■ Given data
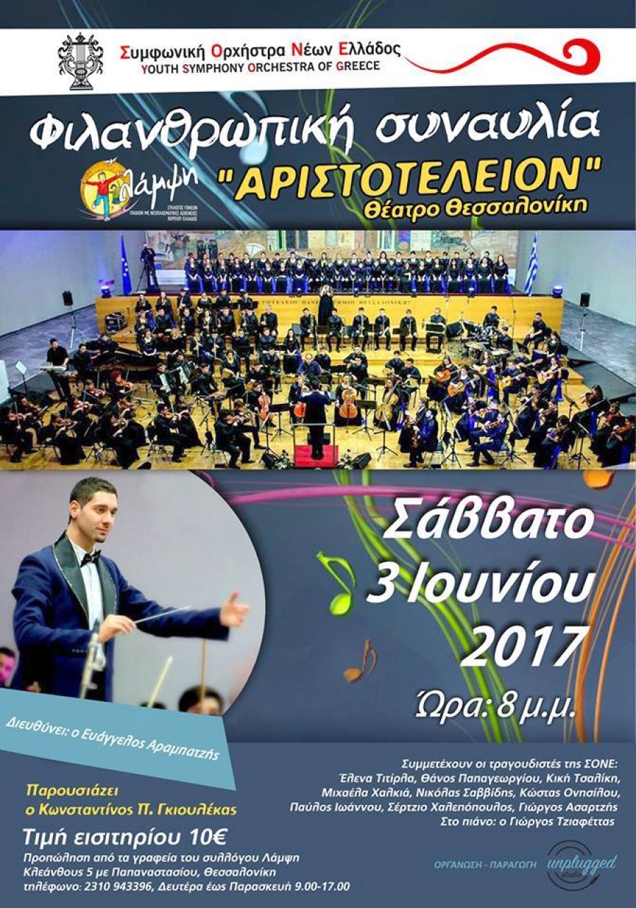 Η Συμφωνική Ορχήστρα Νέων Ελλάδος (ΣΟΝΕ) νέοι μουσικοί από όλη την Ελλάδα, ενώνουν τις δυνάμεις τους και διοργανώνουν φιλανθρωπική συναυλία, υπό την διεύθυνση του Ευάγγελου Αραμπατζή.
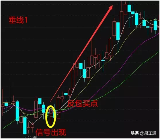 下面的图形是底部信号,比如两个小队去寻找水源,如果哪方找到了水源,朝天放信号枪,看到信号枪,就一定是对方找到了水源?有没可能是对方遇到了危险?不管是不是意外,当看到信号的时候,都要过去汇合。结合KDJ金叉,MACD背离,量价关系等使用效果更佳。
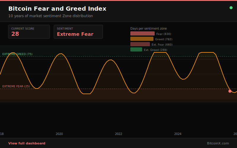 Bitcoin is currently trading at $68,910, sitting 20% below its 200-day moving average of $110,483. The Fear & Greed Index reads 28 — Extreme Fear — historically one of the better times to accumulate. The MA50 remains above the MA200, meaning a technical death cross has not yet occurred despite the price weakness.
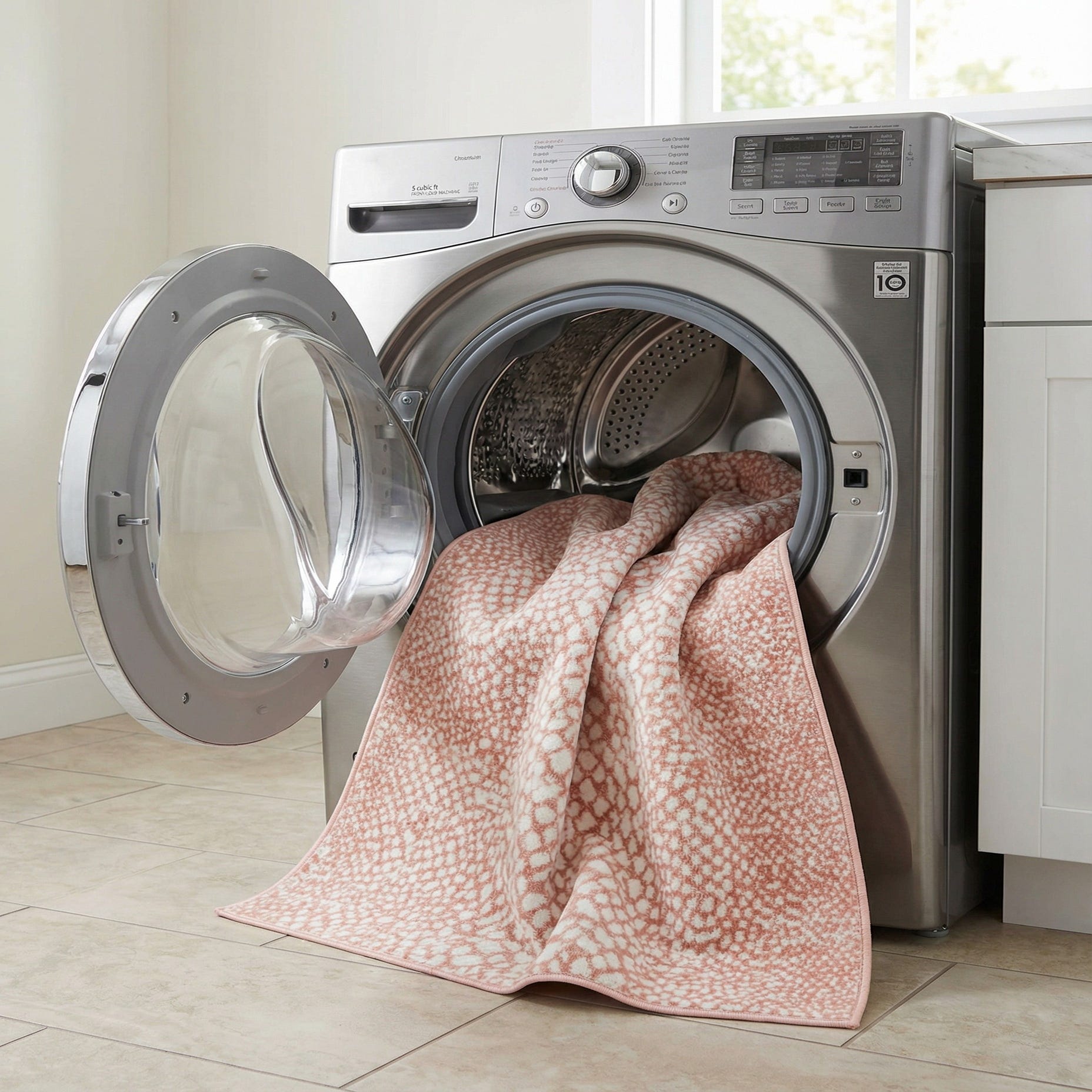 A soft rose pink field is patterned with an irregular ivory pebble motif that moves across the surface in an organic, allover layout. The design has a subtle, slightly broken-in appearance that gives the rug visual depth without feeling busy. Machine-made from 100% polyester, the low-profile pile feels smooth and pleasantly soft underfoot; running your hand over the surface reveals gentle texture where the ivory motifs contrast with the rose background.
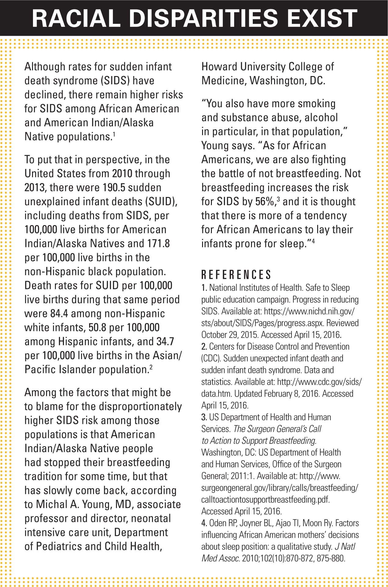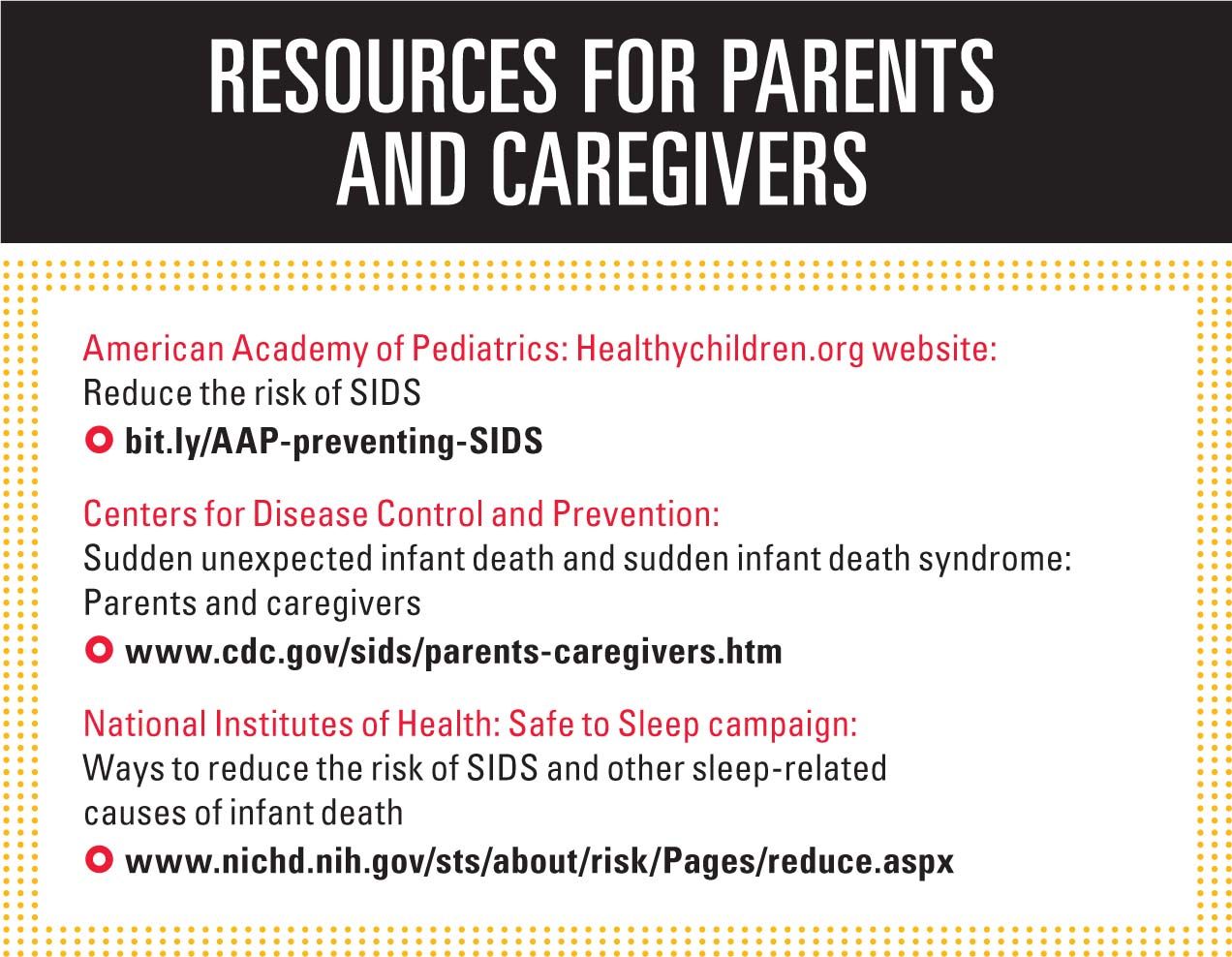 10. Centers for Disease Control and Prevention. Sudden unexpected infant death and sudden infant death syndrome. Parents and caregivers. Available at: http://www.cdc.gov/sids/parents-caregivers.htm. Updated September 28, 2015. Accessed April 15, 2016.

■ Task statement
Could you return the whole listing exactly, images excluded?

■ Written answer
 Η Συμφωνική Ορχήστρα Νέων Ελλάδος (ΣΟΝΕ) νέοι μουσικοί από όλη την Ελλάδα, ενώνουν τις δυνάμεις τους και διοργανώνουν φιλανθρωπική συναυλία, υπό την διεύθυνση του Ευάγγελου Αραμπατζή.
 下面的图形是底部信号,比如两个小队去寻找水源,如果哪方找到了水源,朝天放信号枪,看到信号枪,就一定是对方找到了水源?有没可能是对方遇到了危险?不管是不是意外,当看到信号的时候,都要过去汇合。结合KDJ金叉,MACD背离,量价关系等使用效果更佳。
 Bitcoin is currently trading at $68,910, sitting 20% below its 200-day moving average of $110,483. The Fear & Greed Index reads 28 — Extreme Fear — historically one of the better times to accumulate. The MA50 remains above the MA200, meaning a technical death cross has not yet occurred despite the price weakness.
 A soft rose pink field is patterned with an irregular ivory pebble motif that moves across the surface in an organic, allover layout. The design has a subtle, slightly broken-in appearance that gives the rug visual depth without feeling busy. Machine-made from 100% polyester, the low-profile pile feels smooth and pleasantly soft underfoot; running your hand over the surface reveals gentle texture where the ivory motifs contrast with the rose background.
 10. Centers for Disease Control and Prevention. Sudden unexpected infant death and sudden infant death syndrome. Parents and caregivers. Available at: http://www.cdc.gov/sids/parents-caregivers.htm. Updated September 28, 2015. Accessed April 15, 2016.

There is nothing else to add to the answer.